Proportion of semantic information encoded in OTH locus by group and condition.
Semantic density
Figure 3 displays semantic density across age groups by condition. The model revealed a main effect of condition (χ2(10) = 474.13, p < .001), which was qualified by an interaction between semantic density and age (NBC: χ2(3) = 300.02, p < .001; BC: χ2(3) = 121.27, p < .001). In the NBC condition, the decline of SD1 descriptions from AG1 to AG2 was significant (β= –0.93, SE = 0.13, Wald z = –6.79, p < .001), while both these groups produced such descriptions more frequently than monolinguals (βAG1-CAD = –2.04, SE = 0.32, Wald z = –6.22, p < .001; βAG2-CAD = –1.10, SE = 0.33, Wald z = –3.30, p = .004); AG1 produced SD2 descriptions less frequently than all other groups (βAG1-AG2 = 0.68, SE = 0.84, Wald z = 8.10, p < .001; βAG1-AG3 = 0.81, SE = 0.09, Wald z = 9.01, p < .001; βAG1-CAD = 0.73, SE = 0.11, Wald z = 6.28, p < .001). In the BC condition, the decrease of SD1 descriptions between AG1 and AG2 was significant (β= –0.50, SE = 0.11, Wald z = –4.54, p < .001), while both these groups produced such descriptions more frequently than monolinguals (βAG1-CAD = –1.34, SE = 0.27, Wald z = –4.86, p < .001; βAG2-CAD = –0.83, SE = 0.28, Wald z = –2.96, p = .014); correspondingly, although the increase of SD2 descriptions between AG1 and AG2 was significant (β = 0.80, SE = 0.14, Wald z = 5.59, p < .001), both these groups produced such descriptions less frequently than monolinguals (βAG1-CAD = 1.21, SE = 0.17, Wald z = 6.80, p < .001; βAG2-CAD = 0.40, SE = 0.15, Wald z = 2.62, p = .042).

Proportion of SD1 vs.

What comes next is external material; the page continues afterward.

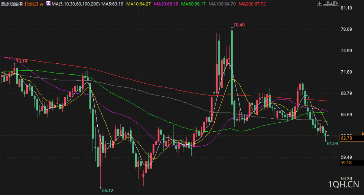布伦特原油期货结算价下跌0.7%,报每桶65.63美元。盘中一度跌至65.01美元,为6月6日以来的最低水平。美国原油期货下跌0.8%,报每桶62.65美元。该合约盘中跌至61.94美元,为6月2日以来的最低水平。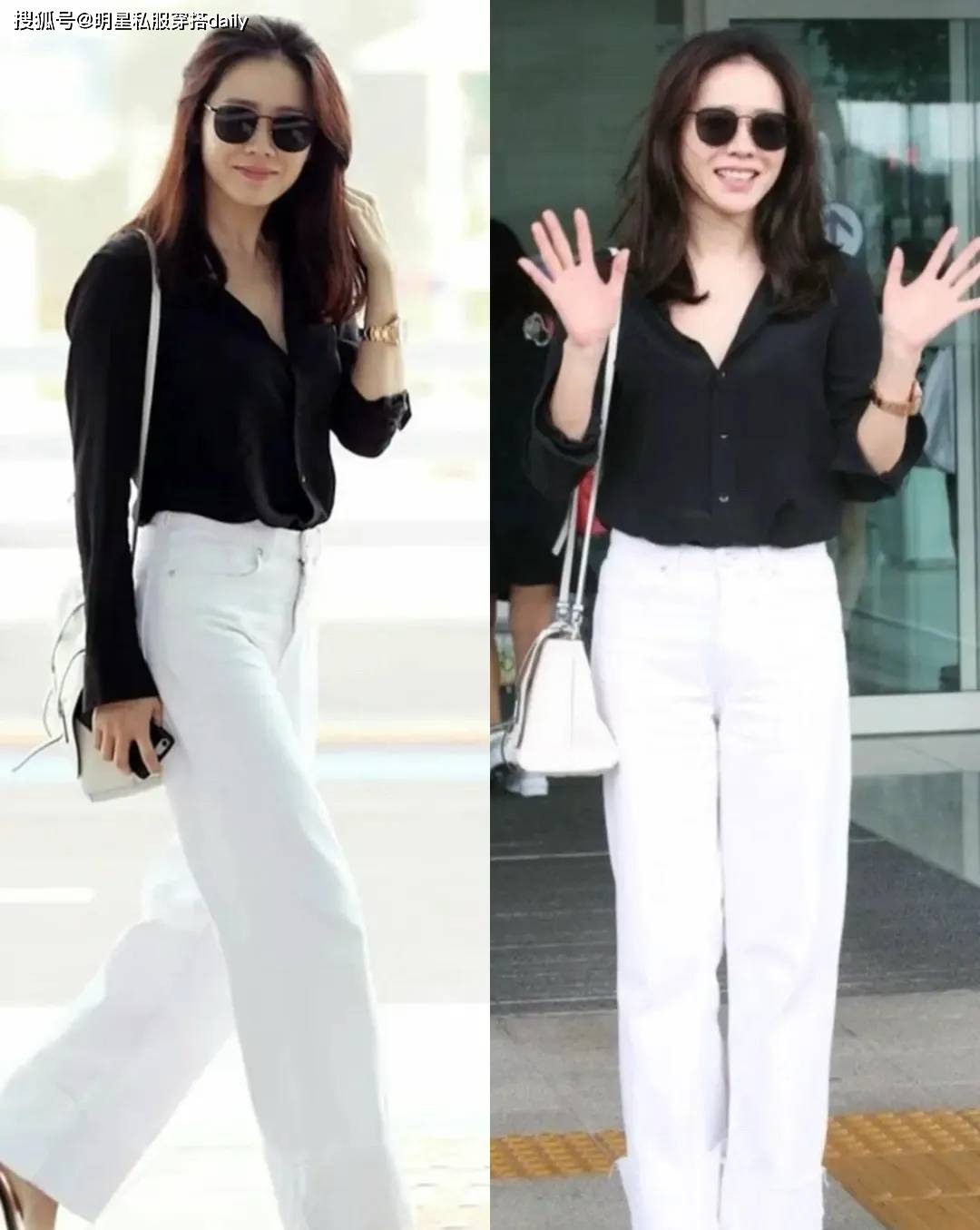 也可以像孙艺珍那样,身穿黑色衬衣,搭配白色直筒裤,黑白对比,简约又高级。这样的搭配,无论是职场还是休闲场合,都能让你轻松应对,展现出你的独特品味与气质。

SD2 descriptions by group and condition.
Syntactic packaging
Figure 4 illustrates the use of syntactic packaging strategies across age groups by condition. The model revealed a main effect of condition (χ2(17) = 541.79, p < .001), which was qualified by an interaction between syntactic packaging strategy and age for the BC condition (χ2(6) = 61.57, p < .001): AG1 produced tight-simple descriptions more frequently than AG2 (β= –0.27, SE = 0.09, Wald z = –2.76, p = .027) while AG1 produced tight-complex less frequently than all other groups (βAG1-AG2 = 1.38, SE = 0.31, Wald z = 4.47, p < .001; βAG1-AG2 = 1.46, SE = 0.32, Wald z = 4.49, p < .001; βAG1-AG2 = 1.91, SE = 0.34, Wald z = 5.46, p < .001). No age effect was found for the loose-simple strategy.

Proportion of three syntactic packaging strategies by group and condition.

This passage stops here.